Os avanços que serão obtidos pelo Brasil com a reforma tributária são inquestionáveis. A simplificação e transparência do sistema proposto nos levarão a padrões internacionais e condizentes com o País que é a 8ª Economia do mundo.
Contudo, a proposta apresentada até o momento leva a um aumento brutal da carga tributária do setor: dos atuais 9,74% de para 26,50%[1]. Essa mudança deverá levar a um aumento médio de 18% nas tarifas de água e esgoto. [2]
É preciso lembrar que mais da metade da população não possui cobertura de esgoto e cerca de 15% dos brasileiros não têm acesso à água tratada[3]. Nesse Brasil sem saneamento, quase 75% da população tem renda de até um salário-mínimo[4]. Ou seja, se o modelo proposto prevalecer, a população será duplamente impactada: com tarifas mais altas e com o potencial atraso no acesso a esses serviços essenciais.
O aumento previsto afetará inclusive a população beneficiária do mecanismo de cashback, que sofrerá com um aumento médio de 6,5% na tarifa.
O aumento na carga tributária do setor compromete toda a sociedade e põe em risco o pacto proposto pelo próprio Congresso Nacional por meio do Marco do Saneamento (Lei 14.026/2020), que estabelece como meta a universalização dos serviços até 2033.

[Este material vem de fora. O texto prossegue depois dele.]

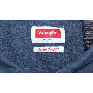 Wrangler Men's Medium Blue Denim 3XL Long Sleeve Button Up Shirt. Pre-owned in good condition.
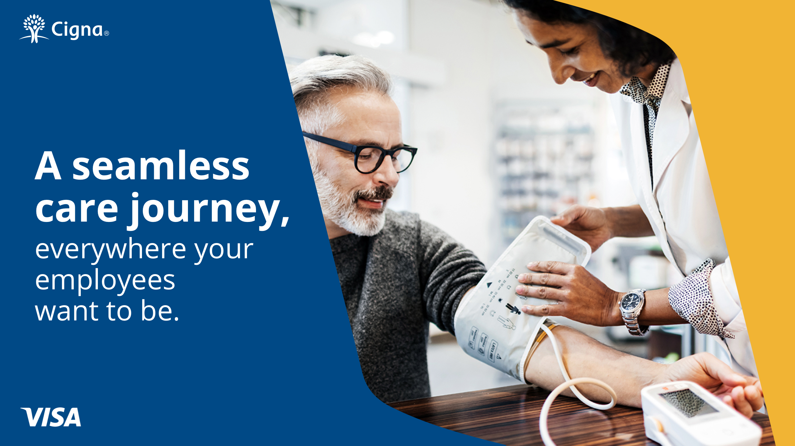 When the health of your employees is on the table, there is a lot to consider. We’re excited to further our relationship with Visa and show what makes Cigna the right partner. Because more than a health partner, we’re a growth partner. That’s why we’ve invested in data-driven, innovative technology that can tailor holistic recommendations to each of your employees and actively engage them in their health to provide purpose. So each individual – and your workforce as a whole - always feels valued and supported. Let’s grow together!
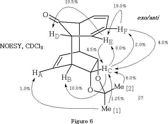 Key, defining NOE relationships, exhibited by the exo/anti adduct (27, Figure 6) , are the enhancement of methine proton HA by irradiation of the endo methyl group Me[1] , the mutual enhancements observed between methine proton HE and proton HC when irradiated in turn and the mutual enhancements observed between methine proton HF and proton HC when irradiated in turn .

Estudo elaborado pela Pezco Consultoria demonstra que em todos os cenários analisados com diferentes alíquotas (de 25% a 29%), o setor de saneamento tem perda de PIB – mesmo que a economia como um todo ganhe. O saneamento básico seria, portanto, um dos setores mais fortemente afetados pela reforma tributária, a não ser que tal impacto seja atenuado por meio da regulamentação.
Vale mencionar que o saneamento está em pleno processo de amadurecimento. Nos últimos quatro anos foram realizados 49 leilões de parcerias entre os entes públicos e privados. Esses recursos somados representam cerca de R$ 150 bilhões de investimentos contratados em 18 Unidades da Federação[5]. Atualmente, há 42 projetos em desenvolvimento com investimentos estimados em aproximadamente R$ 114 bilhões, beneficiando 40 milhões de brasileiros[6].
As alterações previstas na reforma tributária impactarão cerca de 4 mil contratos entre o poder público e os operadores públicos e privados do setor. Diferente de outros segmentos regulados de infraestrutura, como o setor elétrico e de telecomunicações, o saneamento possui UMA CENTENA de agências reguladoras.
A estrutura regulatória é altamente pulverizada, inclusive em relação aos recursos técnicos, financeiros e humanos. Tal situação eleva a insegurança jurídica e econômico-financeira para as operadoras do setor, levando à judicialização dos milhares de contratos.
Em todos os projetos – concedidos e em estruturação – há previsão de universalização dos serviços nos moldes da lei. A reforma tributária proposta ameaça essa evolução.
Saneamento como saúde: a necessária neutralidade tributária
Levantamento da AESBE e da ABCON SINDCON, com base nos dados do SUS, mostra que as doenças relacionadas à falta de saneamento foram responsáveis por cerca de 1 milhão de internações e mais de 200 mil óbitos nos últimos três anos. Do total de internações que tiveram alta por óbito, 10,7% foram ocasionadas por essas doenças. As despesas com as internações foram de cerca de R$ 2,2 bilhões no período.
A Organização Mundial da Saúde reafirma a relação entre saneamento e saúde e estima que a cada US$ 1 investido em saneamento se economiza US$ 5,50 em saúde. Ou seja, onerar o setor significa onerar os gastos públicos.
O setor de saneamento é proporcionalmente o setor de infraestrutura que tem a necessidade de maior investimento no país, alcançando quase R$ 900 bilhões[1], o que levará a um ganho de R$ 1,4 trilhão no PIB até 2033, com a criação de mais de 1,5 milhão de postos de trabalho no período[2]. Para além do acionamento da cadeia produtiva, com a universalização do saneamento, estima-se uma economia de R$ 25 bilhões com a melhoria das condições de saúde da população até 2040[3].
Assim, é imprescindível que haja equivalência do setor de saneamento ao setor de saúde, com redução de 60% do novo IVA, restaurando a lógica da neutralidade tributária.
Esta proposta teria um impacto de apenas 0,2 ponto percentual na alíquota do novo IVA.[4]
A economia gerada com os gastos da saúde e demais impactos positivos dos investimentos em saneamento em muito superam esse valor.
Reafirmamos o apelo aos Congressistas, aos técnicos que orientam os estudos da política tributária e à toda a sociedade civil para que se aprofundem sobre o tema e revejam o tratamento tributário que está sendo encaminhado ao setor de saneamento.
Saneamento é saúde e ninguém pode ficar para trás.